Changing global feed position brings opportunities to buy*

First published:

Length: 801 words; 3–4 minutes

Grazing cow image

The past 4–6 weeks have seen a wholesale shift in perspective across most of the feed markets, and particularly within the UK. The strengthening of Sterling against the US dollar has helped ease imported feed prices, and the unusually warm weather across much of the country in February allowed many to get cattle grazing early and reduce feed demand.

The main concern at the end of last year was how to feed cows through the winter, with low silage stocks and reduced availability of key feeds due to high summer demand and changes in production. The closure of Vivergo and Ensus bioethanol plants cut annual distillers’ feeds supply by around 420,000t.

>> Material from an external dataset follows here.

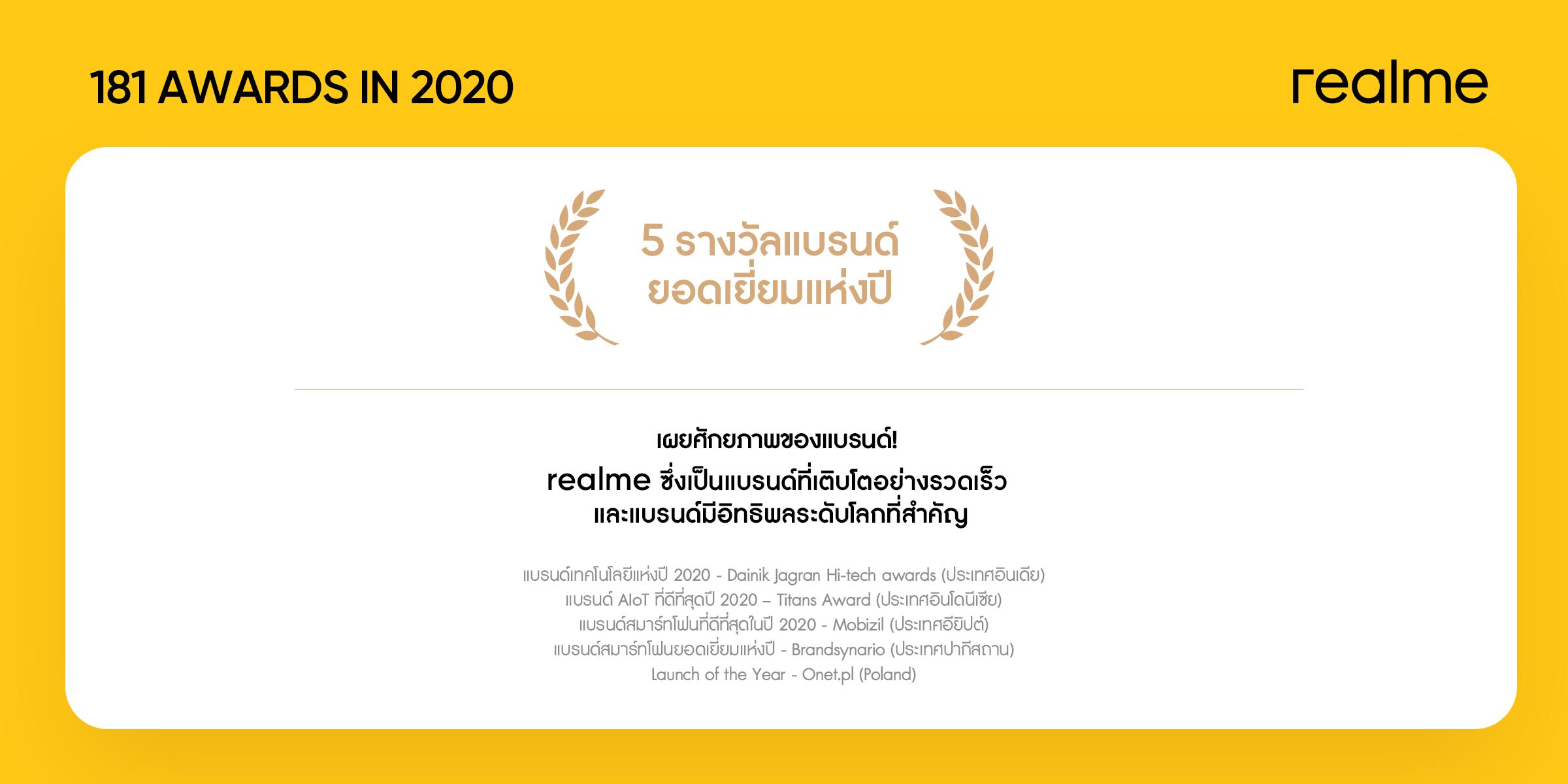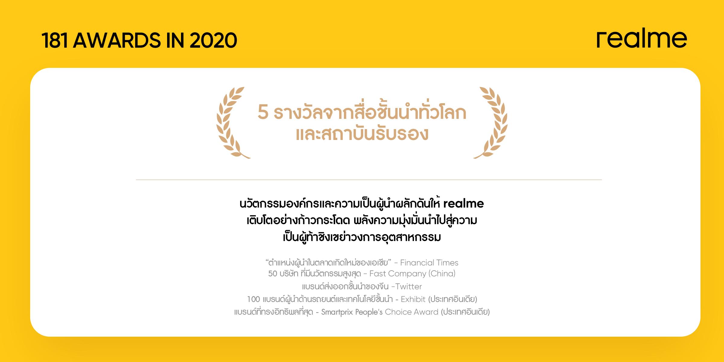 realme ครองใจฐานแฟนและกลุ่มลูกค้าใหม่อย่างต่อเนื่อง กวาดรางวัลระดับโลกกว่า 200 รางวัล ตอกย้ำการเติบโตและสร้างชื่อเสียงที่โด่งดังในปี 2020

Falling soyabean production

Globally, Brazilian soyabean harvest estimates have been reduced from over 120 million tonnes (mt) before Christmas, to just 117mt in the latest report from the United States Department of Agriculture (USDA). The lack of USDA reporting during the US government shutdown only added to the uncertainty, as did the ongoing trade war between the US and China.

And although most of the details haven’t changed, the context has shifted considerably.

“Soya hulls prices have dropped…to just £140-150/t for current summer contracts…”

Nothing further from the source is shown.